You were small and knew that you didn't take up that much space anyway. You could just let another family come in and help take care of you. But:

"I suppose no one really wwants to take care of a troll as useless as me."

You draw your legs up and wrap your arms around them, hugging them to yourself and wishing it was something more.

"I couldn't stop them from takin' my da awway," you could feel your throat squeeze and your eyes sting, "I couldn't do anything."

"I should've spent more time telling him to stay home. If he hadn't gotten so sick..." You stop, trying to command your voice not to quiver and just talk about it.

"It's my fault that he was out there. I'm not stupid. I knoww wwhat he wwas doin'."

You duck your head down, pressing your face against your knees as little hiccups wracked your body and transparent purple began falling down your face.

"He said it wwasn't my fault. But I knoww that I had to've done something. He wwas out there lookin' for Dualscar. I knoww he wwas. But wwhat wwas I supposed to do?

"I wwas just happy to havve all that food. And then he got so sick. I just... I didn't knoww wwhat to do!"

You grit your teeth to stop the excuciating pain that was pumping through your chest. You heart beating as if it had a weight tied around it, heavy and weak.

"I don't evven knoww wwhy he left! He said he had to go somewwhere, find something. But he nevver said wwhat. And noww he... he's..."

Your own sobs echoed infinitely around the room. You felt like an idiot talking to yourself, or talking to the tree, whichever.

But it just felt so safe. Even if you did sound like an idiot and even if there wasn't anyone listening, it was easier to say things here. Here no one would be able to tell you that you were being stupid. Or that you were a baby for breaking down.

"Evveryone keeps tellin' me... tellin' me that I should... just be bravve," your sobs are breaking up your speech, just like your stutter does, and it's enfuriating to listen to how it sounds bouncing around the brick, but there's still no one judging you, no one to tell you to just suck it up, or to stop now, so you don't, "But I don't wwanna be bravve! I wwant... I wwant my ancestor! I wwant my lusus! I don't wwanna... be alone!"

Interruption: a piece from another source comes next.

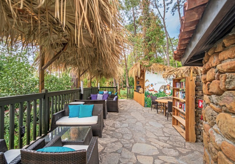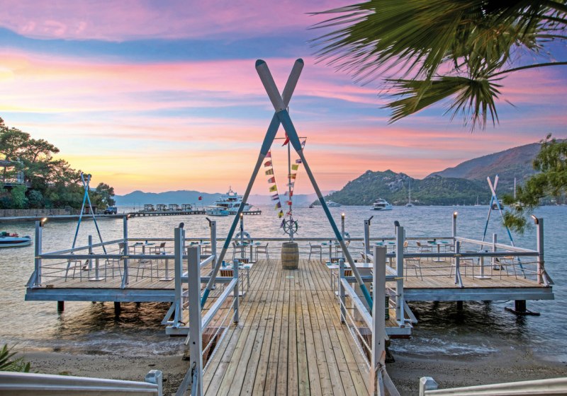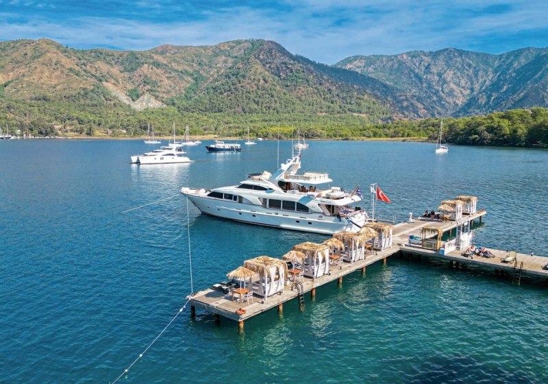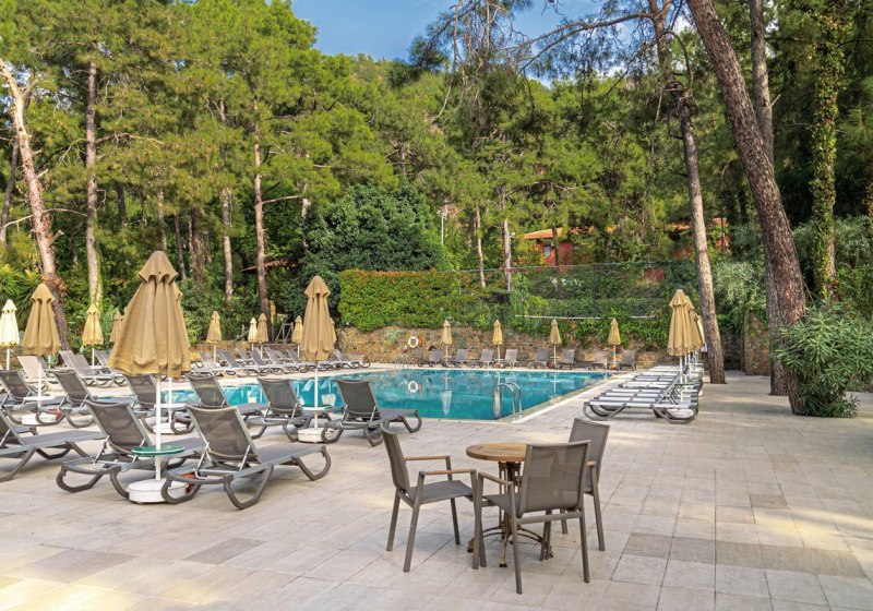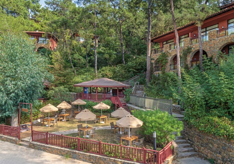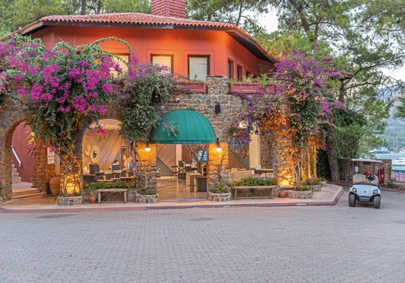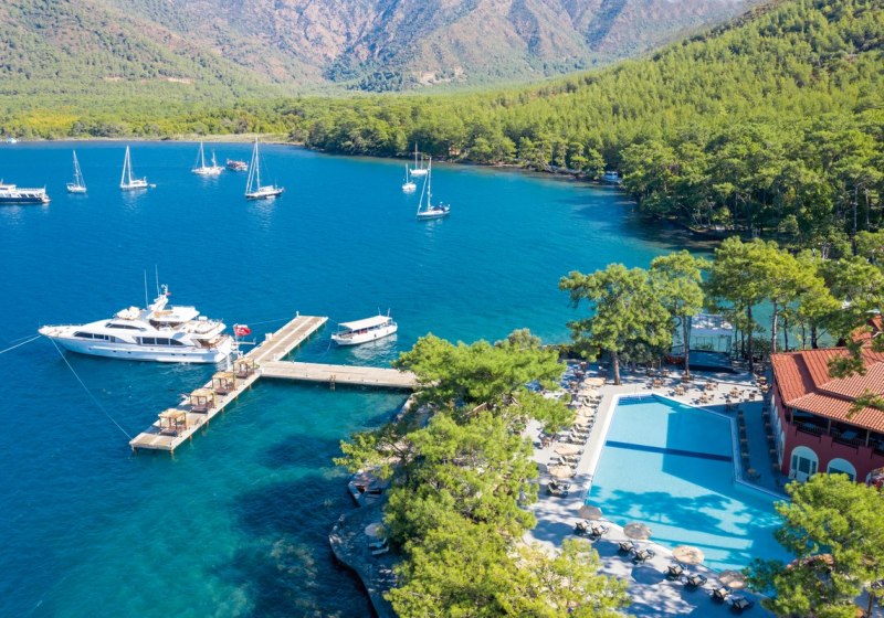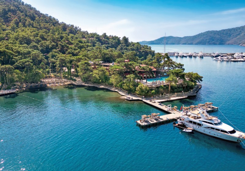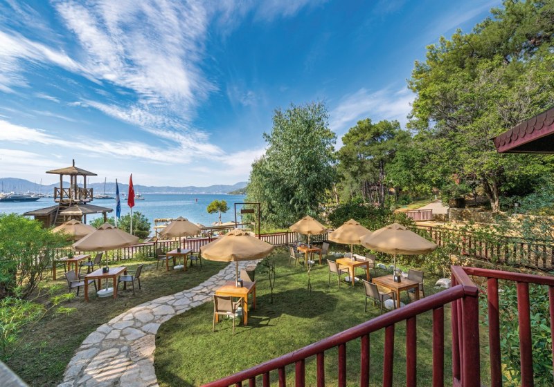 Die Anlage liegt direkt am Strand in einer ruhigen Hanglage am Wald. Bis zum Ortszentrum von Marmaris sind es etwa 10 Kilometer, der Flughafen Dalaman liegt rund 100 Kilometer entfernt. Ihr blickt auf Meer und Bucht, nutzt den Badesteg und profitiert von Strandbars vor Ort. Die Lage wirkt naturnah und abgeschirmt, mit klarer Orientierung zum Wasser.

With the finality of your last words, having gotten everything off of your chest, you felt better, but the utter dispair at your situation weighed you down heavily. More than anything you wished to sink into the ground. Stay here forever. It was your last connection with your ancestor that you weren't being taken away from. At least not as forcefully as they were making you move from your hivestem.

So you sat. And wished. And cried your heart out.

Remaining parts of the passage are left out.